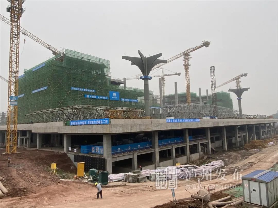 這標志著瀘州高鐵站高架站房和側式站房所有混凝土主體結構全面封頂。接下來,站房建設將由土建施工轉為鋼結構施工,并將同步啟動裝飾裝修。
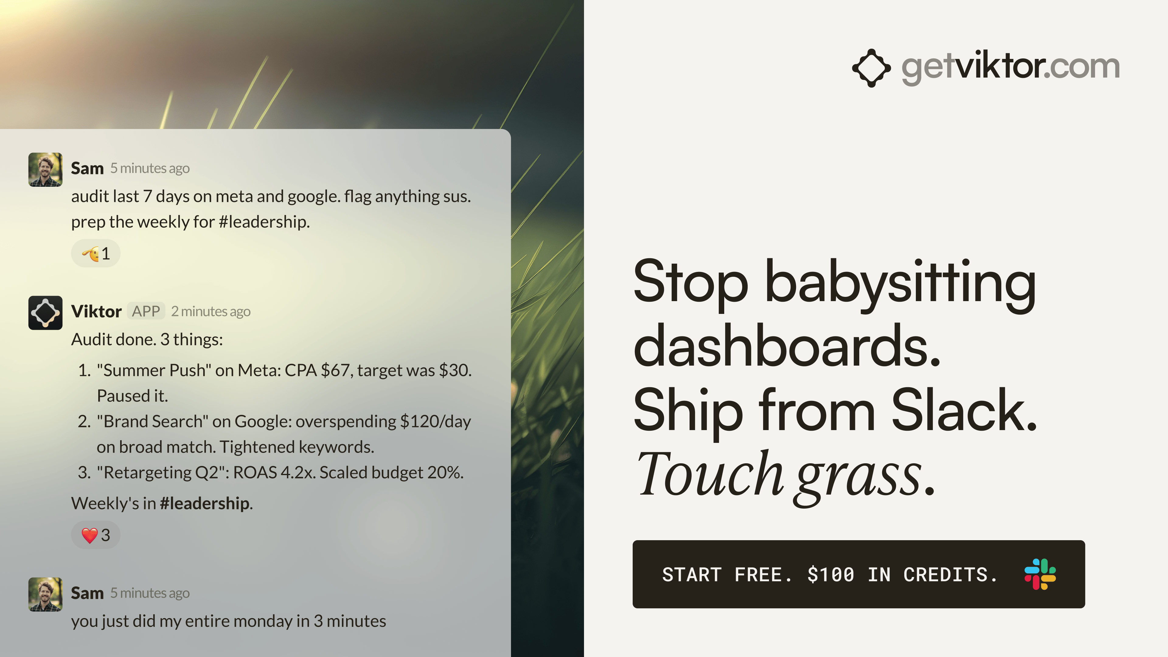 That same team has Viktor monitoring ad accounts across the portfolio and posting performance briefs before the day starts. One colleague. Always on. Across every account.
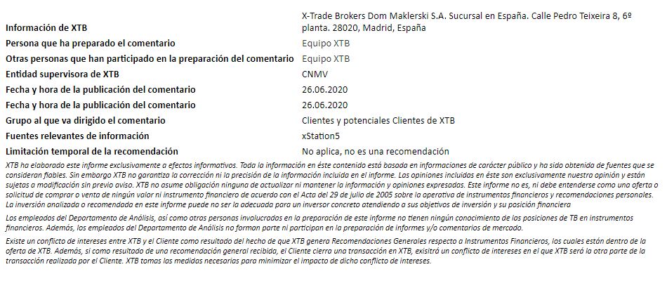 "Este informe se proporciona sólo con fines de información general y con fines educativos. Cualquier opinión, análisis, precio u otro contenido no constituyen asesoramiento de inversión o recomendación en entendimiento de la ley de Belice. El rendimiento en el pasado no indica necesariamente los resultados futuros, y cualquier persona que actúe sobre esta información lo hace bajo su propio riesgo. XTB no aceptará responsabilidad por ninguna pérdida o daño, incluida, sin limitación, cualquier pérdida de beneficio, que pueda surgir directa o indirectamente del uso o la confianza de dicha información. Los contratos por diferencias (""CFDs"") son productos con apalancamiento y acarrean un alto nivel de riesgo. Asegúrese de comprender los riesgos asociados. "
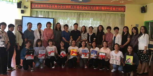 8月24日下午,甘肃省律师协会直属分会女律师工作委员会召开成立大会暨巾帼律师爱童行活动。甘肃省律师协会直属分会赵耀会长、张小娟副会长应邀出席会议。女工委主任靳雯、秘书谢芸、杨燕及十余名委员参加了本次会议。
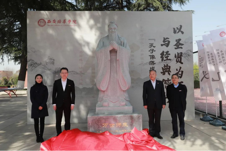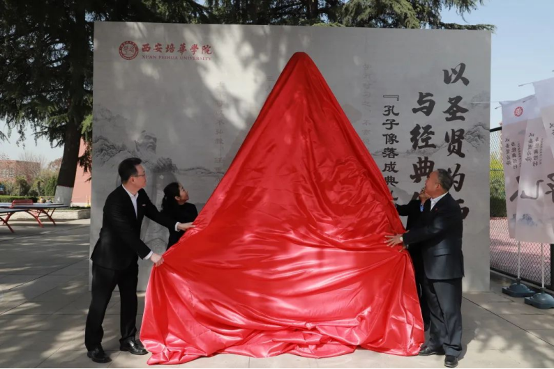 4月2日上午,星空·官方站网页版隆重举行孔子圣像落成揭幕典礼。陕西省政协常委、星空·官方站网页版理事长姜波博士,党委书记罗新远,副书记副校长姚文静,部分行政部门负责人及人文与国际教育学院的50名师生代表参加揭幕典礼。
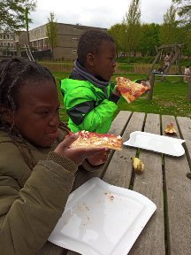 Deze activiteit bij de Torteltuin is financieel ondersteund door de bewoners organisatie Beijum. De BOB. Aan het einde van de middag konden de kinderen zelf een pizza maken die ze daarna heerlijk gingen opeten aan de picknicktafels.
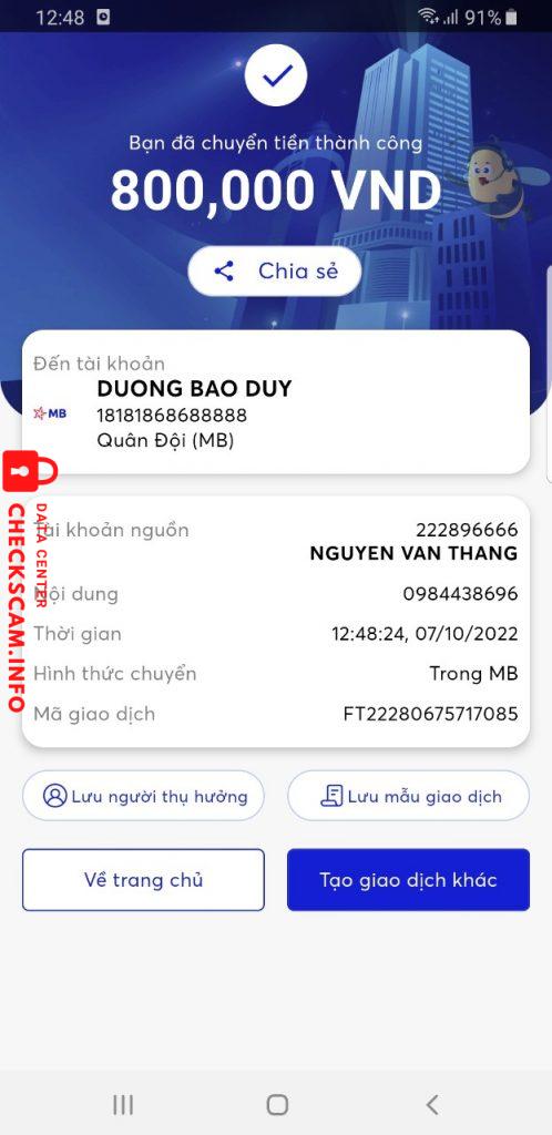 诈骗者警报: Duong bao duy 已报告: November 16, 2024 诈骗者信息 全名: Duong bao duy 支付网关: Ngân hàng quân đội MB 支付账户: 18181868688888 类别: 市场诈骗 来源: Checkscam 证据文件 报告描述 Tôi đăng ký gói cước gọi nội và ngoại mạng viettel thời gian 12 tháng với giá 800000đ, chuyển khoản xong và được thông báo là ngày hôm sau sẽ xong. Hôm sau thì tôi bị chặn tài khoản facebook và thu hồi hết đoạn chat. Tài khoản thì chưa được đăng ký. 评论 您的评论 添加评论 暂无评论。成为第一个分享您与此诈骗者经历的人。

━━━━━━

:: Task instructions ::
Give back an exact repeat of the lines from the top of the data through the line that holds "4月2日上午,星空·官方站网", both included, and omit pictures.

:: Exercise output ::
 這標志著瀘州高鐵站高架站房和側式站房所有混凝土主體結構全面封頂。接下來,站房建設將由土建施工轉為鋼結構施工,并將同步啟動裝飾裝修。
 That same team has Viktor monitoring ad accounts across the portfolio and posting performance briefs before the day starts. One colleague. Always on. Across every account.
 "Este informe se proporciona sólo con fines de información general y con fines educativos. Cualquier opinión, análisis, precio u otro contenido no constituyen asesoramiento de inversión o recomendación en entendimiento de la ley de Belice. El rendimiento en el pasado no indica necesariamente los resultados futuros, y cualquier persona que actúe sobre esta información lo hace bajo su propio riesgo. XTB no aceptará responsabilidad por ninguna pérdida o daño, incluida, sin limitación, cualquier pérdida de beneficio, que pueda surgir directa o indirectamente del uso o la confianza de dicha información. Los contratos por diferencias (""CFDs"") son productos con apalancamiento y acarrean un alto nivel de riesgo. Asegúrese de comprender los riesgos asociados. "
 8月24日下午,甘肃省律师协会直属分会女律师工作委员会召开成立大会暨巾帼律师爱童行活动。甘肃省律师协会直属分会赵耀会长、张小娟副会长应邀出席会议。女工委主任靳雯、秘书谢芸、杨燕及十余名委员参加了本次会议。
 4月2日上午,星空·官方站网页版隆重举行孔子圣像落成揭幕典礼。陕西省政协常委、星空·官方站网页版理事长姜波博士,党委书记罗新远,副书记副校长姚文静,部分行政部门负责人及人文与国际教育学院的50名师生代表参加揭幕典礼。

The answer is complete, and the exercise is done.